With College Hill hit by a blizzard March 13, Brown’s plans to join the National School Walkout against gun violence the next day almost got snowed in. Allyson Selin, a senior at Marjorie Stoneman Douglas High School, was looking forward to speaking—“I could not have imagined a better platform for my voice,” she said—but her flight was canceled. But despite the frigid temperatures, about 400 members of the Brown community gathered on the Green. “We shouldn’t be here today, and it’s frustrating that we are,” President Christina Paxson said.
The event was organized by Keiko Cooper-Hohn ’21, who urged the community to “come together, stand together, and talk about the issue together.”

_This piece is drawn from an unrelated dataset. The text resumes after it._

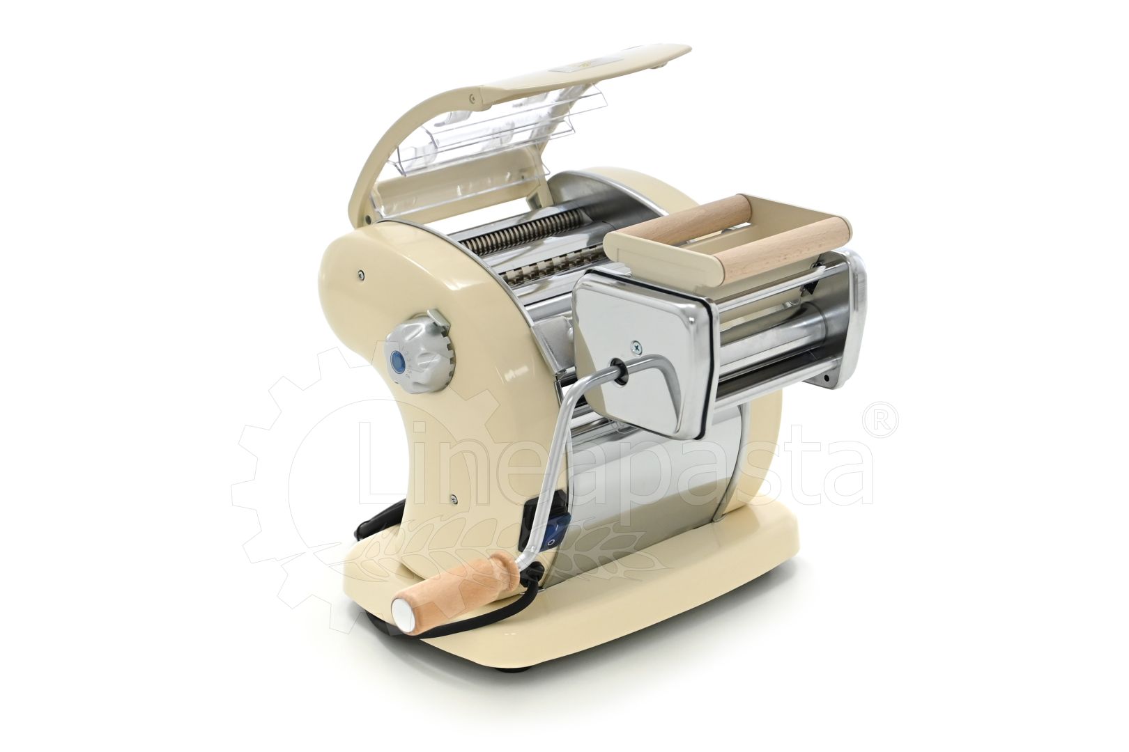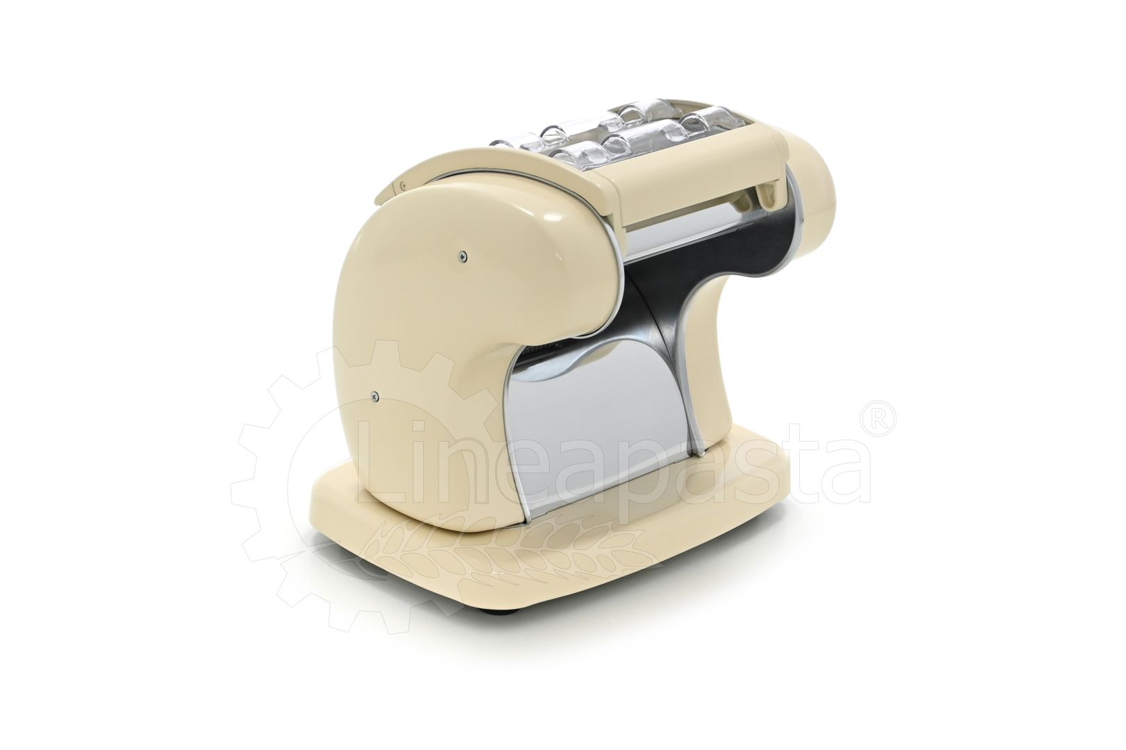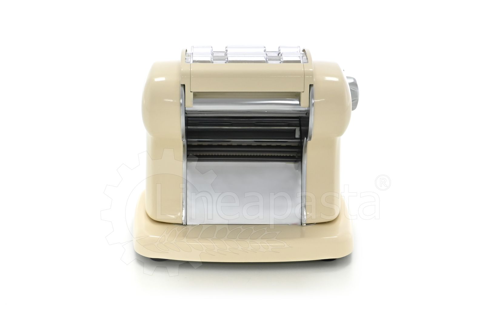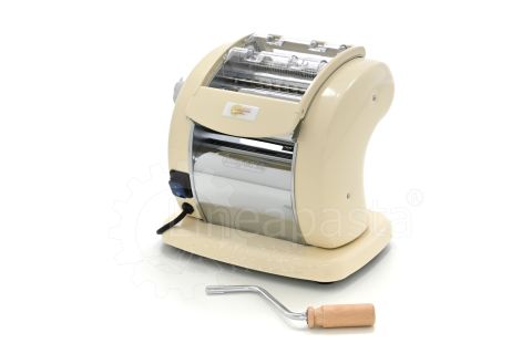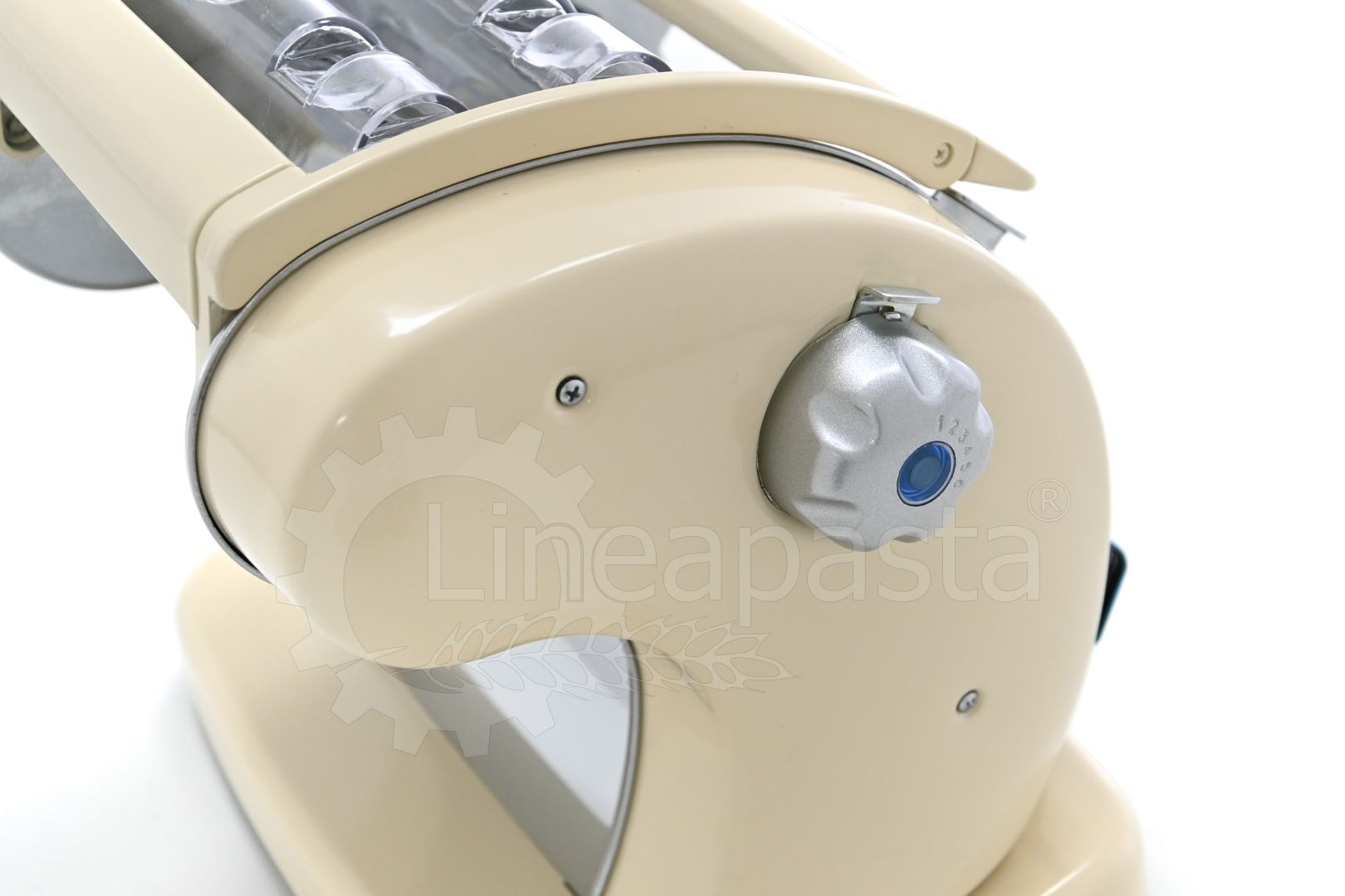 Imperia PastaPresto Crème (Cod.4701 / 4721), élégante et fonctionnelle, est la nouvelle laminoir motorisée Imperia pour la maison. Son design raffiné s'accorde avec la praticité et la tradition des bonnes pâtes faites à la maison. La machine est équipée de rouleaux de 150 mm et d’un moteur électrique, qui permet de réaliser la pâte feuilletée en six épaisseurs différentes et deux types de pâtes: Tagliolini 2 mm et Fettuccine 6,5 mm.

Speakers included Nina Gregg, an MSD graduate who is a sophomore at Rhode Island School of Design. Attendees included members of Save Our Students, Thoughts Prayers Actions, and the Brown Progressive Action Committee, three undergraduate groups focused on gun-related violence. American Studies doctoral candidate Alyssa Anderson is writing a dissertation on school shootings. “For the first time, survivors of a school shooting are not only vocalizing their experience but taking on leadership roles in the social activism that results from it,” Anderson says. “They are proof that school shootings are more than just a series of isolated events but an ongoing epidemic that has yet to reach a solution.”